**Given data:**
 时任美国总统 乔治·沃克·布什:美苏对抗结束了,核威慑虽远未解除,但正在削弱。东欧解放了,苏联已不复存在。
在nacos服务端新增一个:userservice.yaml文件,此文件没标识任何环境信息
...
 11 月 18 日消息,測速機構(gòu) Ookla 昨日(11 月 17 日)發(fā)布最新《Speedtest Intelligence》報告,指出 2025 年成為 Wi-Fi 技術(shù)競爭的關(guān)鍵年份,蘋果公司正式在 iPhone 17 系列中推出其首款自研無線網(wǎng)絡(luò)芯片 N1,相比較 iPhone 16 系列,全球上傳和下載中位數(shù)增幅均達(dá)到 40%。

**What the exercise asks:**
After locating the line with "时任美国总统 乔治·沃克·布" above, return that line and every later line through the one with "在nacos服务端新增一个:userse", word for word and with nothing else.

**Solved exercise:**
 时任美国总统 乔治·沃克·布什:美苏对抗结束了,核威慑虽远未解除,但正在削弱。东欧解放了,苏联已不复存在。
在nacos服务端新增一个:userservice.yaml文件,此文件没标识任何环境信息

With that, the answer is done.